Jean Valjean es un pelotudo

“Rosebud es un trineo. Si la película es clásica no hay spoilers, 
lo que hay son giles que no la vieron.”

Nelson Mandela

Jean Valjean para mí siempre fue un pelotudo. Pero antes de justificar mi falta de empatía con el pobre reo de Los Miserables, creo necesario contarles mi relación con un subgénero cinematográfico que me apasiona: las películas de fuga. 

Hay escapes de campos de prisioneros, de países con regímenes totalitarios, de secuestros por parte de maníacos depravados, de sectas religiosas, de hordas de monstruos o extraterrestres, de la furia de la naturaleza y, tal vez el más revisitado en el séptimo arte, el escape de cárceles. Mi preferido. 

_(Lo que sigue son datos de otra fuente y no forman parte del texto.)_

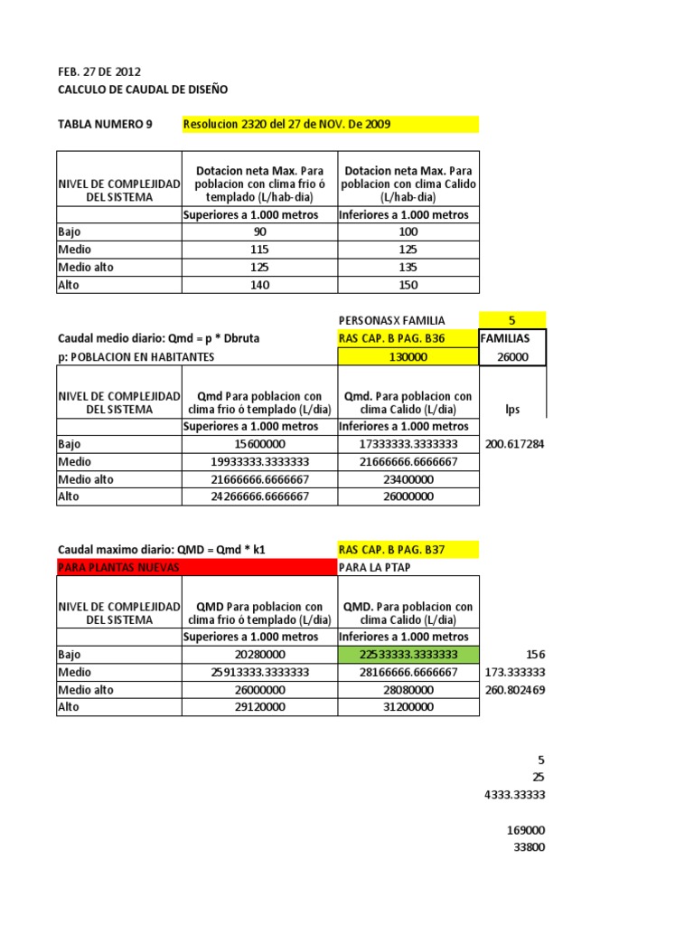 Caudal medio diario: Qmd = p * Dbruta RAS CAP. B PAG. B36 FAMILIAS

Recuerdo el impacto profundo que tuvo en mí ver por primera vez Escape de Alcatraz con Clint Eastwood en la piel del convicto Frank Morris a mis siete u ocho años. Hasta aquel entonces no había vivido jamás la palpitación que provoca el suspenso. ¿Llegarán a darse cuenta los guardias de que esos presos que duermen plácidos son en realidad cabecitas de papel maché, embadurnadas con pelos levantados de la peluquería de la prisión? ¿Tendrán tiempo los presidiarios liderados por Morris para volver a sus celdas sin ser descubiertos, luego de planear noche tras noche su escape a través de las recámaras de cañerías? ¿Esa balsa hecha con remiendos de pilotos para la lluvia soportará los embates de la Bahía de San Francisco? Nunca la TV me había hecho sufrir tanto por nadie como por esos valientes, ni desear con tanto fervor por su éxito. Ya en posteriores rewatchs durante la vida adulta, descubrí los distintos niveles de la trama, como ser el de la huida de los reclusos no solo de la cárcel, sino también de su pasado y sus propios demonios. Esa dualidad resulta superadora frente a la de otro tipo de fugas, como ser las de volcanes en erupción o zombies en persecución, donde el protagonista suele ser indudablemente víctima y héroe, pero a la vez previsible y monodimensional. Como si acaso faltase algo para acrecentar mi devoción por Escape de Alcatraz, fue reconocer, en una ocasión reciente, que el papel del director carcelario era interpretado por Patrick McGoohan, el actor que, ya de más viejo, hace del rey Zanquilargo en Corazón Valiente. No encuentro otro villano que me haga reír a carcajadas como ese déspota monarca inglés, en un rol que se supone serio. Por el contrario, en su performance en la inexpugnable penitenciaría de “La Roca”, impone autoridad, severidad justa y respeto genuino. Una némesis a la altura del protagonista.  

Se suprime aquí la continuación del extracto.